I am attempting to apply binary log loss to Naive Bayes ML model I created. I generated a categorical prediction dataset (yNew) and a probability dataset (probabilityYes), and can't successfully run them in a log loss function.

Simple sklearn.metrics function give a single log-loss result- not sure how to interpret this

from sklearn.metrics import log_loss
ll = log_loss(yNew, probabilityYes, eps=1e-15)
print(ll)
.0819....

more complex function returns a value of 2.55 for each NO and 2.50 for each YES (total of 90 columns)- again, no idea how to interpret this

def logloss(yNew,probabilityYes):
epsilon = 1e-15
probabilityYes = sp.maximum(epsilon, probabilityYes)
probabilityYes = sp.minimum(1-epsilon, probabilityYes)
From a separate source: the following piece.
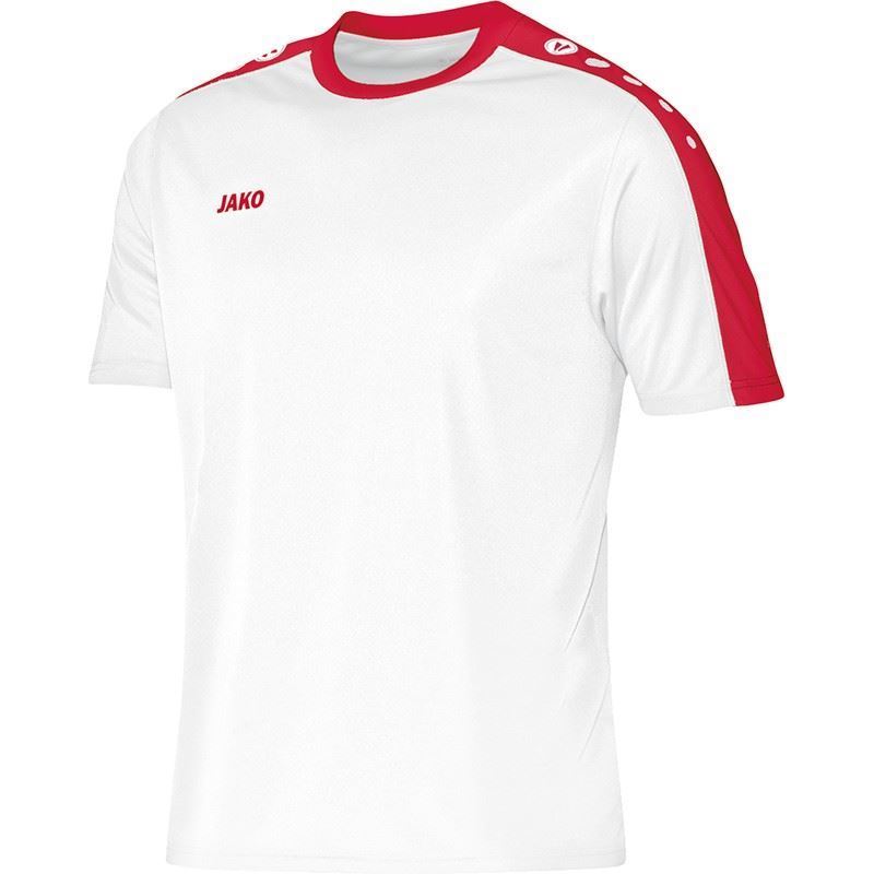 Koop hier het wit/rode JAKO Stiker TEAMWEAR shirt voor kinderen. Dit kids voetbalshirt is wit en bevat een ronde hals in het rood. Ook de brede strip over de mouwen van dit teamkleding shirt is rood. Op de rechter borst prijkt het logo van JAKO en de mouwen zijn uitgerust met de trademark tekens van het Duitse sportmerk. Dit is het ideale shirt om met je (zaal)voetbalelftal of bedrijf in te voetballen of andere sporten in te beoefenen zoals handbal en volleybal. Dit kids shirt bestaat voor 100% uit polyester en is uitgerust met de JAKO Keep Cool technologie. Deze technologie zorgt voor verkoeling, ventilatie en vochtafvoer, zodat je optimaal kan presteren in dit shirt.

#compute logloss function (vectorised)
ll = sum(yNew*sp.log(probabilityYes) +
            sp.subtract(1,yNew)*sp.log(sp.subtract(1,probabilityYes)))
ll = ll * -1.0/len(yNew)
return ll

print(logloss(yNew,probabilityYes))
2.55352047 2.55352047 2.50358354 2.55352047 2.50358354 2.55352047 .....
Solution

  • Here is how you can compute the loss per sample:

    import numpy as np

def logloss(true_label, predicted, eps=1e-15):
  p = np.clip(predicted, eps, 1 - eps)
  if true_label == 1:
    return -np.log(p)
  else:
    return -np.log(1 - p)

    Let's check it with some dummy data (we don't actually need a model for this):

    predictions = np.array([0.25,0.65,0.2,0.51,
                        0.01,0.1,0.34,0.97])
targets = np.array([1,0,0,0,
                   0,0,0,1])

ll = [logloss(x,y) for (x,y) in zip(targets, predictions)]
ll
# result:
[1.3862943611198906,
 1.0498221244986778,
 0.2231435513142097,
 0.7133498878774648,
 0.01005033585350145,
 0.10536051565782628,
 0.41551544396166595,
 0.030459207484708574]

    From the array above, you should be able to convince yourself that the farther a prediction is from the corresponding true label, the greater the loss, as we would expect intuitively.

    Let's just confirm that the computation above agrees with the total (average) loss as returned by scikit-learn:

    from sklearn.metrics import log_loss

ll_sk = log_loss(targets, predictions)
ll_sk
# 0.4917494284709932

np.mean(ll)
# 0.4917494284709932

np.mean(ll) == ll_sk
# True

    Code adapted from here [link is now dead].